To illustrate, here is an example taken right from the default Velocity
properties, showing how setting up the FileResourceLoader is managed
velocimacro.library = VM_global_library.vm Multi-valued key. Will accept CSV for value.
Filename(s) of Velocimacro library to be loaded when the Velocity
Runtime engine starts. These Velocimacros are accessable to all
templates. The file is assumed to be relative to the root of the
file loader resource path.
velocimacro.permissions.allow.inline = true
Determines of the definition of new Velocimacros via the #macro() directive
in templates is allowed. The default value is true, meaning any template
can define and use new Velocimacros. Note that depending on other properties,
those #macro() statements can replace global definitions.
velocimacro.permissions.allow.inline.to.replace.global = false
Controls if a Velocimacro defind 'inline' in a template can replace
a Velocimacro defined in a library loaded at startup.
velocimacro.permissions.allow.inline.local.scope = false
Controls 'private' templates namespaces for Velocimacros. When true, a #macro()
directive in a template creates a Velocimacro that is accessable only from the
defining template. This means that Velocimacros cannot be shared unless they
are in the global or local library loaded at startup. (See above.) It also means
that templates cannot interfere with each other. This property also allows a technique
where there is a 'default' Velocimacro definition in the global or local library,
and a template can 'override' the implementation for use within that template.

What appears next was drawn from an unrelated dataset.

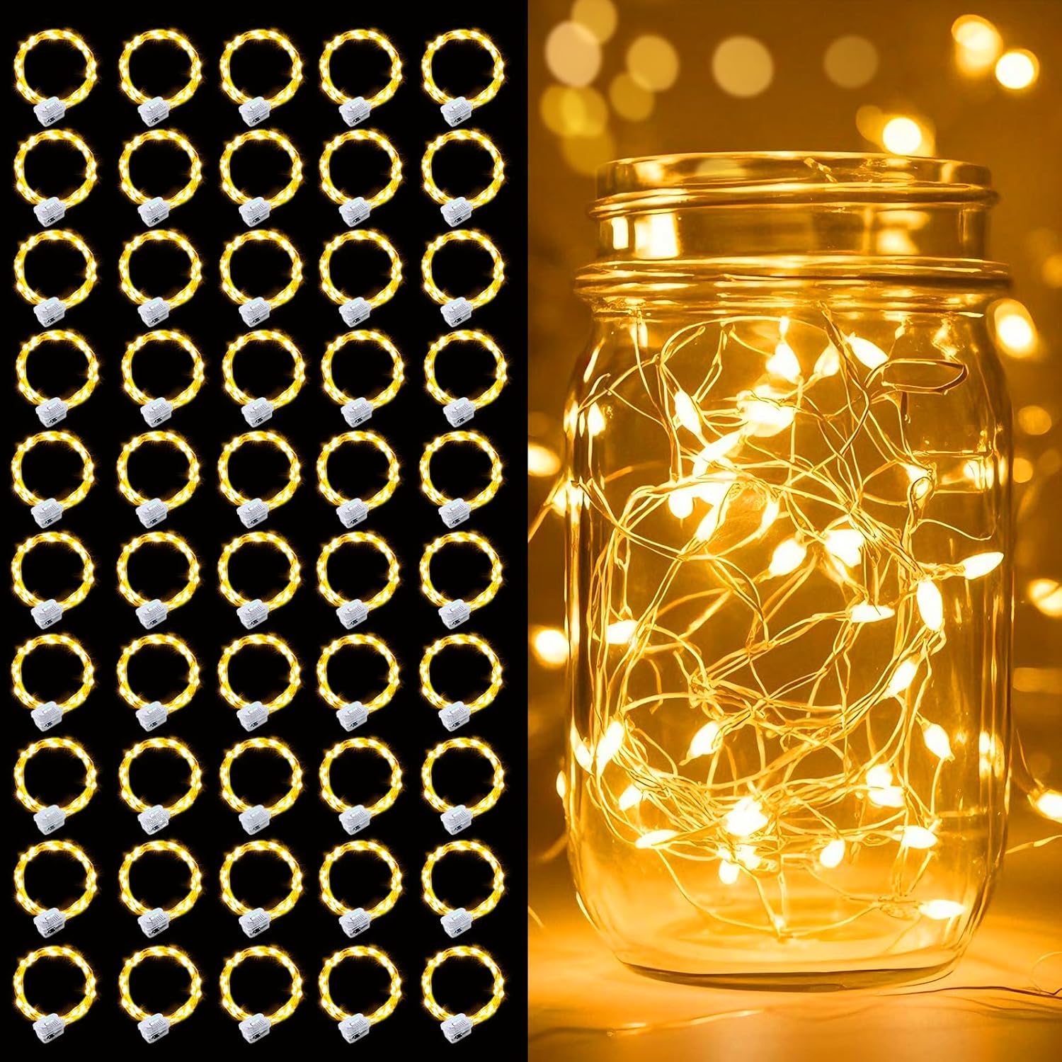 - Battery Operated LED Fairy Lights: Includes 50 packs of fairy lights, each with 20 mini LEDs on a 7 ft silver-plated copper wire for durability and flexibility; 4-inch LED spacing ensures even and beautiful illumination for a magical effect; Powered by LR44 batteries with up to 72 hours of battery life for long-lasting use

This occurrs because when this property is true, the template's namespace is
searched for a Velocimacro before the global namespace, therefore allowing
the override mechanism.
velocimacro.context.localscope = false
Controls whether reference access (set/get) within a Velocimacro will change
the context, or be of local scope in that
Velocimacro.
String Interpolation
runtime.interpolate.string.literals = true
Controls interpolation mechanism of VTL String Literals. Note that a VTL
StringLiteral is specifically a string using double quotes that is used
in a #set() statement, a method call of a reference, a parameter to a VM,
or as an argument to a VTL directive in general. See the VTL reference for
further information.
Runtime Configuration
parser.pool.size = 20
This property sets the number of parsers that Velocity will
create at startup and keep in a pool. The default of 20 parsers
should be more than enough for most uses. In the event
that Velocity does run out of parsers, it will indicate
so in the log, and
dynamically create them as needed. Note that they will not
be added to the pool. This is a slow operation compared to
the normal parser pooling, but this is considered an
exceptional condition. If you see a log message, please
increment this property.
Velocity has a few nice logging features to allow both simplicity and
flexibility. Without any extra configuration, Velocity will setup a
file-based logger that will output all logging messages to a file
called velocity.log in the 'current directory' where
Velocity was initialized. For more advanced users, you may integrate
your current logging facilities with Velocity to have all log messages
sent to your logger.
Your options :
Default Configuration
By default, Velocity will create a file-based logger in the current
directory.
Custom Standalone Logger
You can create a custom logging class - you simply must implement the
interface org.apache.velocity.runtime.log.LogSystem and
then simply set the configuration property
runtime.log.logsystem.class with the
classname, and Velocity will create an instance of that class at init time.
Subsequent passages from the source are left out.